Page:Balzac - Œuvres complètes, éd. Houssiaux, 1874, tome 13.djvu/278

La bibliothèque libre.
Aller à la navigation Aller à la recherche
Le texte de cette page a été corrigé et est conforme au fac-similé.

Qu’il me tue, bien ; mais mentir, lui que j’avais tant grandi ! À l’échafaud ! à l’échafaud ! Ah ! je voudrais le voir guillotiner. Suis-je donc si cruelle ? Il ira mourir couvert de caresses, de baisers qui lui auront valu vingt ans de vie…

— Marie, reprit Francine avec une douceur angélique, comme tant d’autres, soyez victime de votre amant, mais ne vous faites ni sa maîtresse ni son bourreau. Gardez son image au fond de votre cœur, sans vous la rendre à vous-même cruelle. S’il n’y avait aucune joie dans un amour sans espoir, que deviendrions-nous, pauvres femmes que nous sommes ! Ce Dieu, Marie, auquel vous ne pensez jamais, nous récompensera d’avoir obéi à notre vocation sur la terre : aimer et souffrir !

— Petite chatte, répondit mademoiselle de Verneuil en caressant la main de Francine, ta voix est bien douce et bien séduisante ! La raison a bien des attraits sous ta forme ! Je voudrais bien t’obéir…

— Vous lui pardonnez, vous ne le livrerez pas !

— Tais-toi, ne me parle plus de cet homme-là. Comparé à lui, Corentin est une noble créature. Me comprends-tu ?

Elle se leva en cachant, sous une figure horriblement calme, et l’égarement qui la saisit et une soif inextinguible de vengeance. Sa démarche lente et mesurée annonçait je ne sais quoi d’irrévocable dans ses résolutions. En proie à ses pensées, décorant son injure, et trop fière pour avouer le moindre de ses tourments, elle alla au poste de la porte Saint-Léonard pour y demander la demeure du commandant. À peine était-elle sortie de sa maison que Corentin y entra.
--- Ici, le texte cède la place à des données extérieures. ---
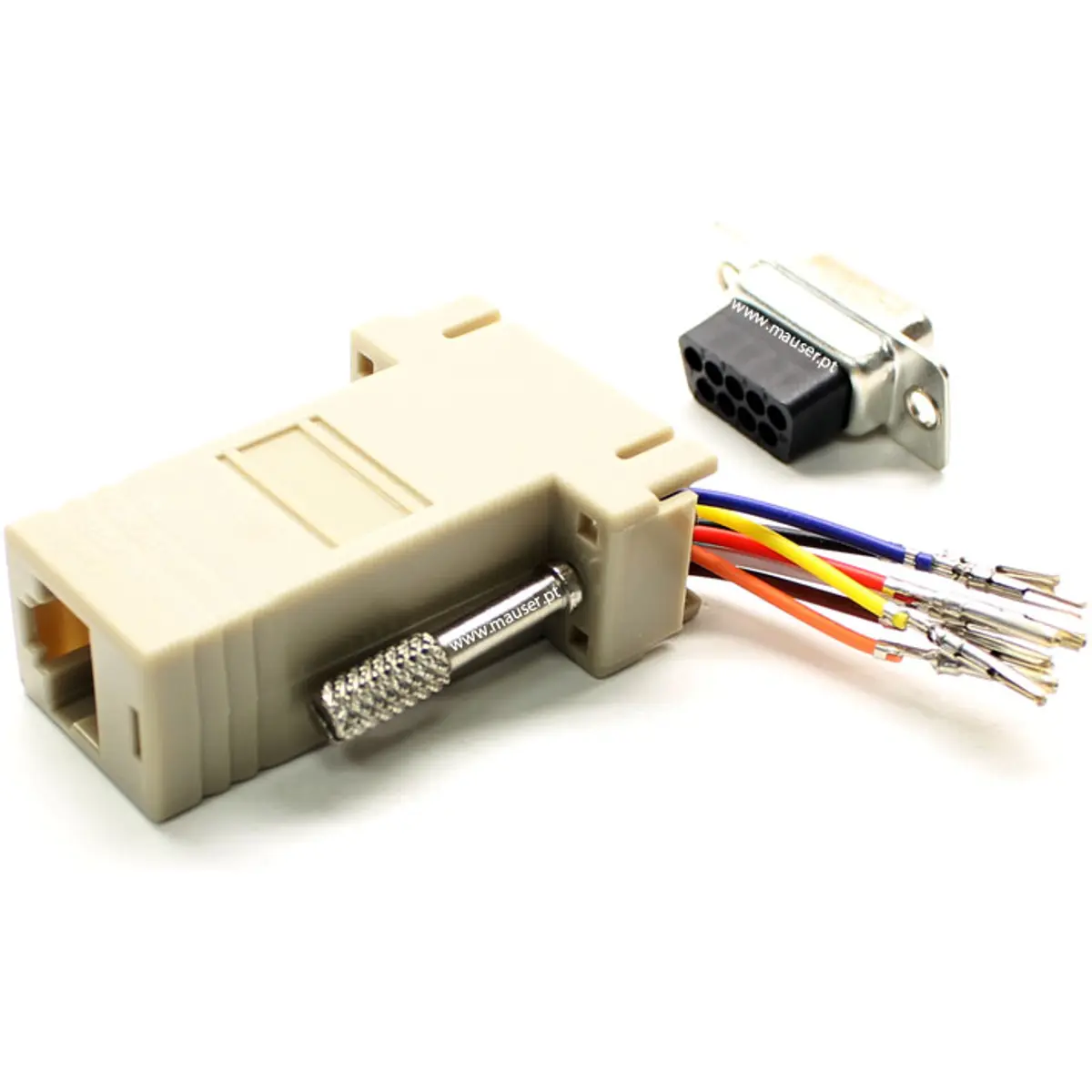 Este adaptador permite ligar uma interface D-Sub de 9 pinos a uma ligação RJ45 fêmea, com configuração ajustável. Ideal para ligações seriais a redes ou terminais, oferece solução compacta para conversão de conectores, mantendo compatibilidade entre padrões. O núcleo é simples de usar, sem necessidade de ferramentas, proporcionando flexibilidade na gestão de cablagens e de alterações de porta.

— Oh ! monsieur Corentin, s’écria Francine, si vous vous intéressez à ce jeune homme, sauvez-le, mademoiselle va le livrer. Ce misérable papier a tout détruit.
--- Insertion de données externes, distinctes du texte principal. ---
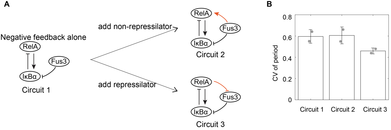 最后,研究者采用合成生物学方法构建了三种不同拓扑结构的NF-κB振荡网络,以验证网络拓扑对振荡精确性的影响(图3)。研究发现,在两结点激活-抑制振荡子(activator-inhibitor oscillator)的网络拓扑中增加调控边使其成为带有自激活的抑制振荡子后,振荡精确性提高,从而从实验上证实了带有自激活的抑制振荡子在实现精确振荡的稳健性。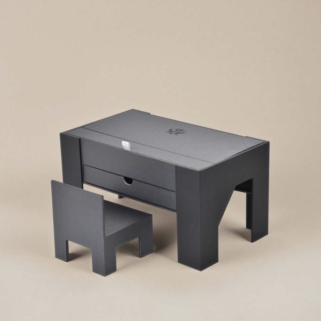 The matching paper bench (of the same color series) can be used as a jewelry tray or for pure decoration.
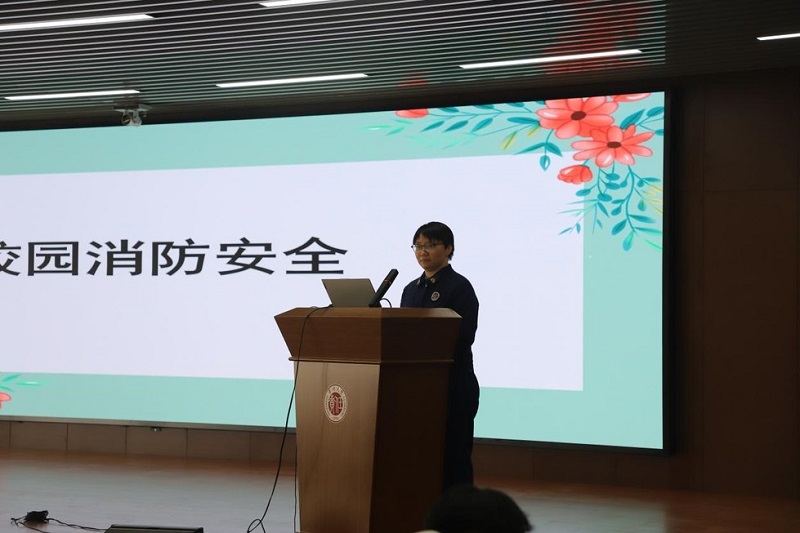 活动中,邵文晔教官结合真实案例,分别从火灾的特性、火灾的预防、火灾的应急处理、常用消防器材介绍、灭火器材使用实操5个方面为师生做了宣讲。随后,邵文晔教官现场教授了灭火器和应急逃生的知识,并指导师生进行了模拟逃生演练和灭火演练。演习开始后,参加人员分组依次进行了油盆灭火器灭火、模拟应急逃生两个项目,整个演练过程组织严密、安全有序。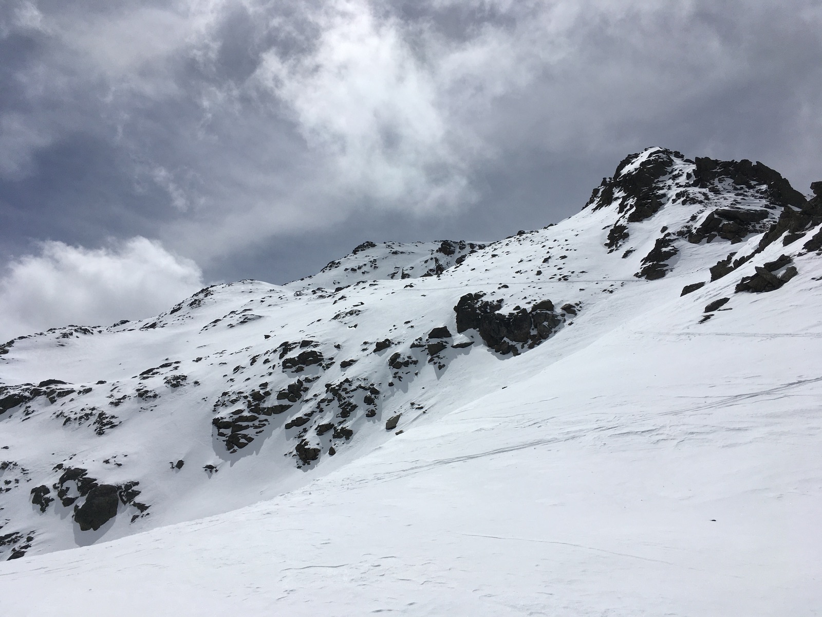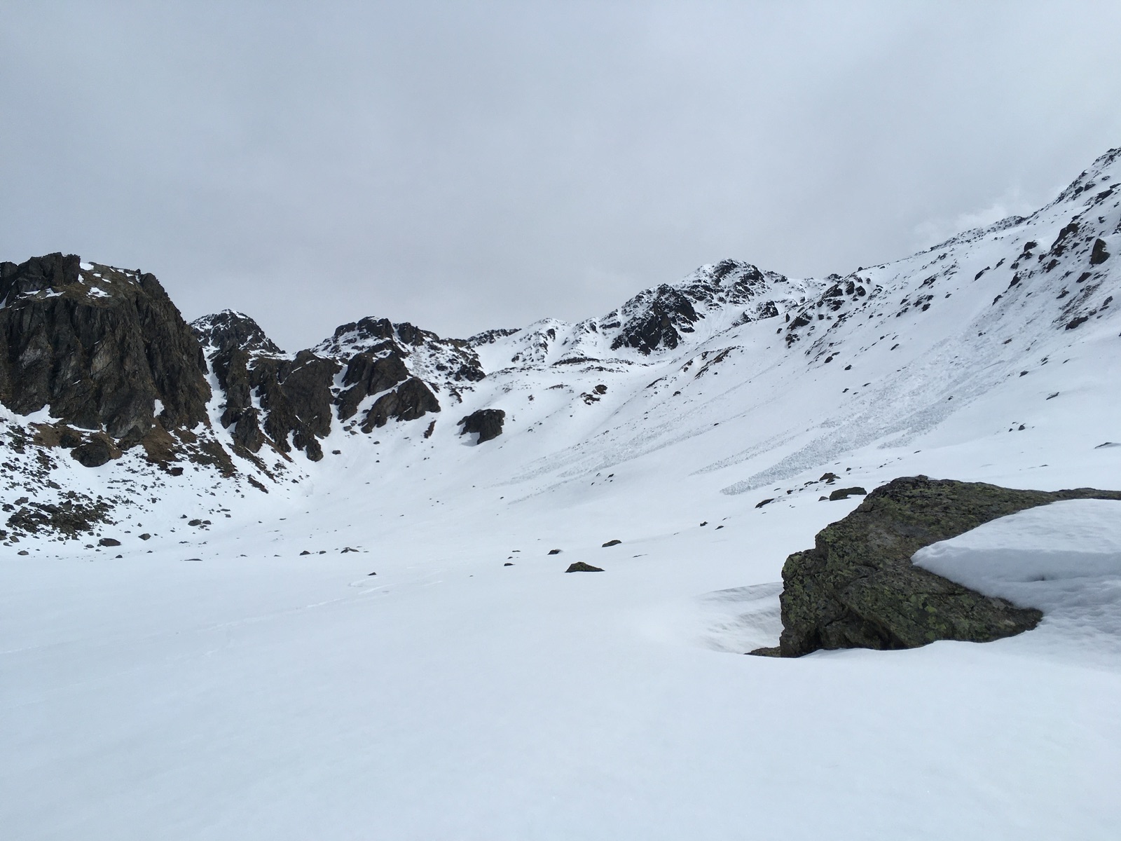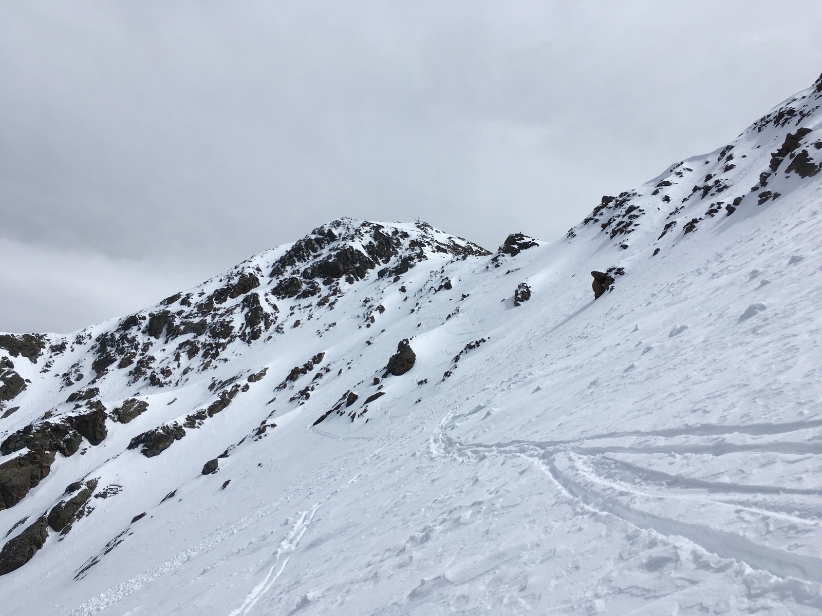 Für die Abfahrt folgte ich schon von unten erspähten Spuren, welche vom Westkamm des Furgler in das Kar nach Norden hinabführten. Dafür muss man knapp 100 Hm durch die steinige Westflanke abrutschen - ging leider nicht komplett ohne Belagschäden, weil doch recht wenig Schnee liegt. Zu Fuß wäre es aber auch nicht ideal (ggf. Steigeisen; u.U. Gefahr des Einbrechens zwischen Felsen). Nach den ersten sehr steilen Abfahrtsmetern in das Nordkar wird es rasch flacher. Hier noch Pulver. Leider dann ab ca. 2.400 m ziemlich tief bzw. bald Sumpfschnee. Ich habe es noch bis ca. 2.050 m versucht, dann aber entnervt aufgegeben und mich für einen Fußaufstieg zurück ins Skigebiet entschieden (praktisch vollständig schneefrei). Wahrscheinlich wäre es aber leichter gewesen, noch bis zur Medrig-Alpe durchzuhalten und von dort zurück ins Skigebiet zu queren. Die Winterabfahrt direkt zur Talabfahrt ist vermutlich nicht mehr machbar.

Corentin prit négligemment la lettre en demandant : — Et où est-elle allée ?

— Je ne sais.

— Je cours, dit-il, la sauver de son propre désespoir.
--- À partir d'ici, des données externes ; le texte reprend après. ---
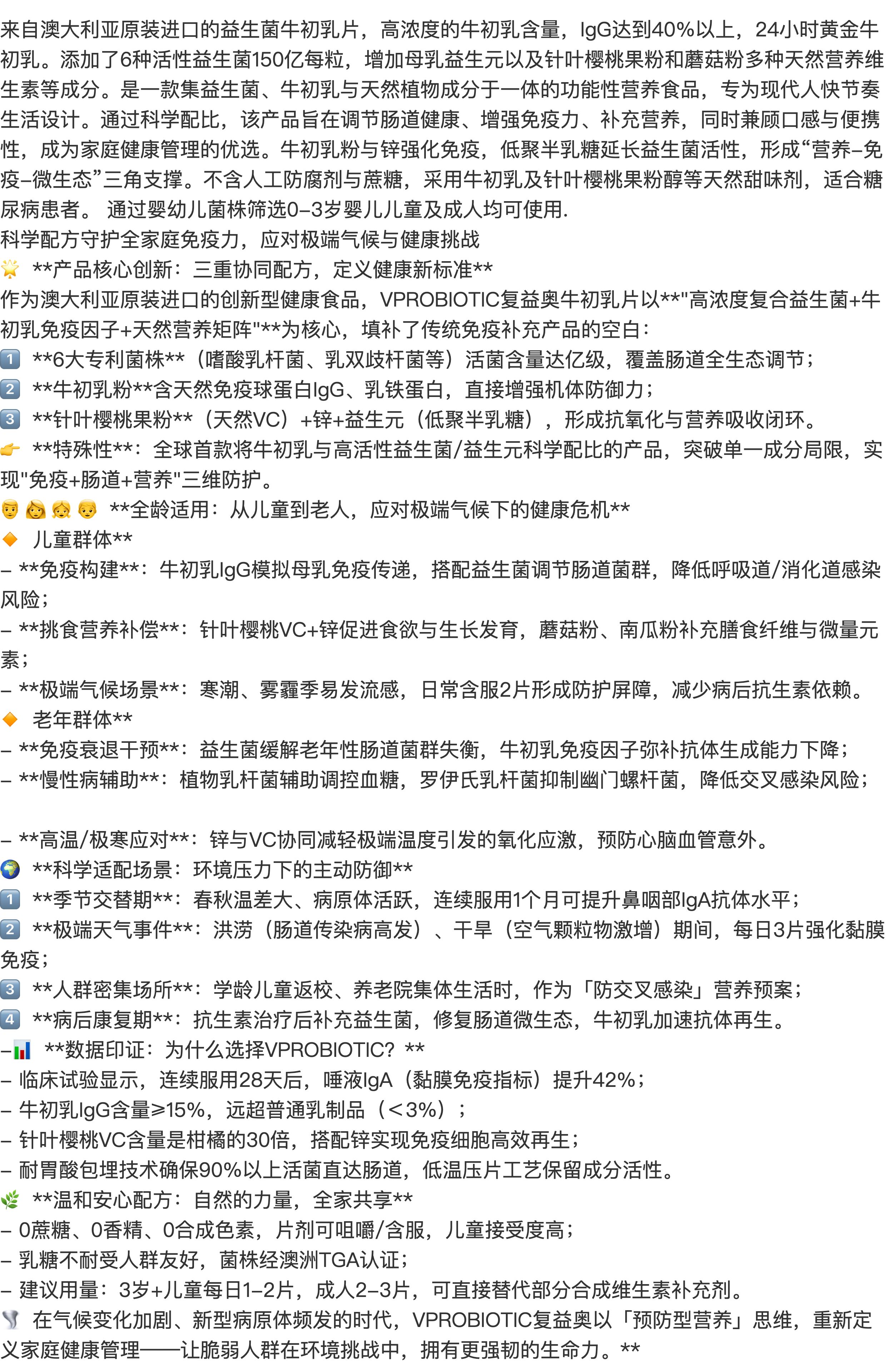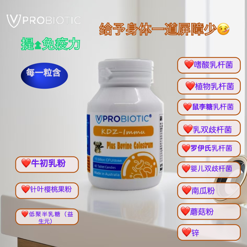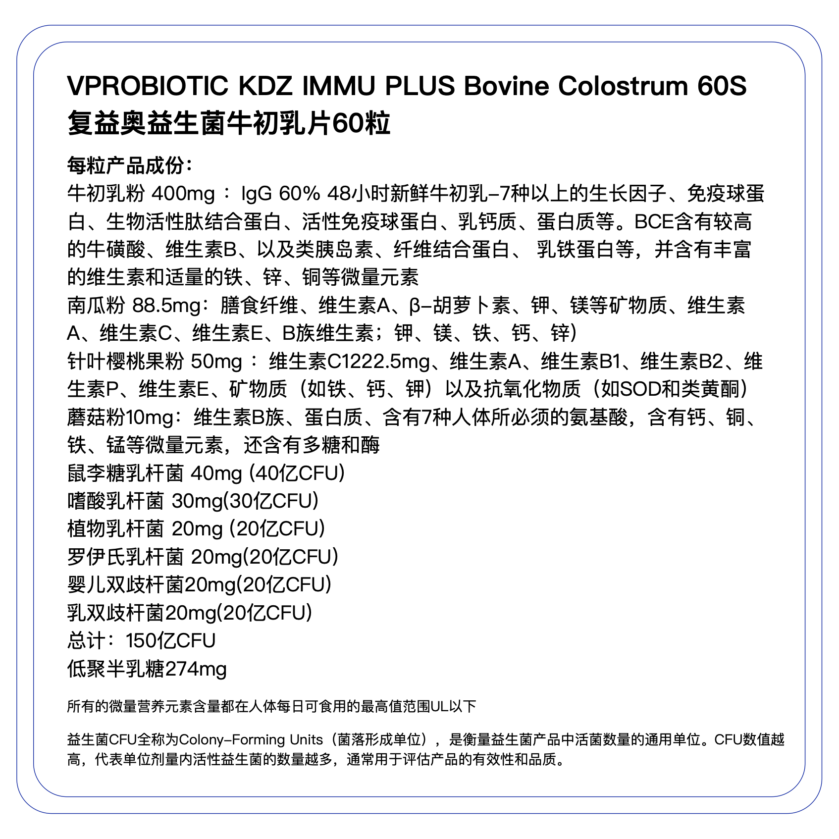 【礼想心动】【买一送一】VPROBIOTIC 复益奥 益生菌牛初乳片压片糖果 60粒/瓶(不可用券,用券默认无赠品)

Il disparut en emportant la lettre, franchit la maison avec rapidité, et dit au petit gars qui jouait devant la porte : — Par où s’est dirigée la dame qui vient de sortir ?

Le fils de Galope-Chopine fit quelques pas avec Corentin pour lui montrer la rue en pente qui menait à la porte Saint-Léonard.